It didn’t work that good. White people just thought the Injuns had gone crazy and shot them as usual.
Ashley Holt, my ex-spat pen-pal and partner in exchanging dark, cynical thoughts, validated this title, writing “ I like the idea of invoking native spirits to inhabit the soil on which junked autos and forgotten American dreams now dwell”
Me too, knowing full well that I bought and now live (pretty comfortably) on stolen property.
The backcountry of East County San Diego, where I’ve had a studio for 30 years, is the general location for these moody nightscapes and there is not a more ideal place or atmosphere for what I was trying to say.

This is where the sun speaks to nature, but the moon speaks to god.
Weeks after the book was basically done, it came to me that these prints were in fact a graphic novel with no story and no narrative and best left that way.
Imagine if you will, a long dead native American, shot for dancing. His unquiet soul now floats through these wasp-blown desert border towns by night. Imagine that he is always lost and what follows is what he sees, or perhaps what he dreams.
That’s the feeling I’m after.
The technique by which these images were rendered my be of mild interest to some readers. The approach is, in essence, nothing but old-school aquatint etching without the torturous scraping tools or the lethal chemistry. I simply scanned some airbrush spatters into Photoshop and drew them over a black-spot rendering of the subject with a pen tool until there was nothing left but shapes, values and textures.
It’s a process that kills detail but “The artist should, above all, fear to become the slave of detail” (Albert Pinkham Ryder).
There is nothing here for the art museums, “Art Forum” or the university establishment. I work only for those few who apprehend the world with the same 19th century, *Swedenborgian goofiness as I do.

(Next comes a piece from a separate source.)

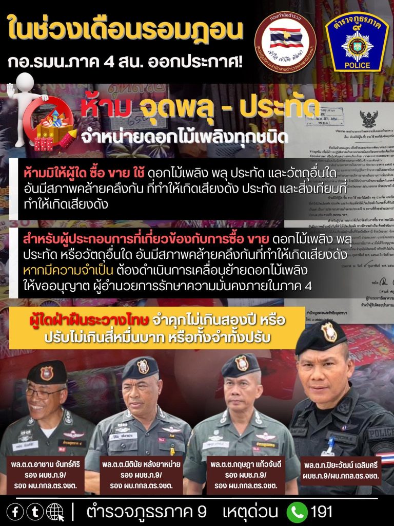 สำหรับผู้ประกอบการที่เกี่ยวข้องกับการซื้อ ขาย ดอกไม้เพลิง ประทัด และสิ่งเทียมที่ทำให้เกิดเสียงดัง หากมีความจำเป็น ต้องดำเนินการเคลื่อนย้ายดอกไม้เพลิง ประทัด และสิ่งเทียมที่ทำให้เกิดเสียงดัง ผ่านพื้นที่ในห้วงเดือนรอมฎอน ให้ขออนุญาต ผู้อำนวยการรักษาความมั่นคงภายในภาค 4 เมื่อได้รับอนุญาตแล้ว ให้สามารถทำการเคลื่อนย้ายได้

All others will be baffled or indifferent.
This book is dedicated to my brother in spirit, one William Glen Crooks, retired. He was a pithy, cogent critic of art and an old-school landscape painter of breathtaking ability. He once told me that he had little patience for artists who were always bitching about a lack of compelling subject matter. “I say get your head out of your butt and look out the window. There it is....”
Well, I started with my window and one thing led to another.
JDA 2024
* Emanuel Swedenborg was probably nuts, but some of his ideas were enlightened.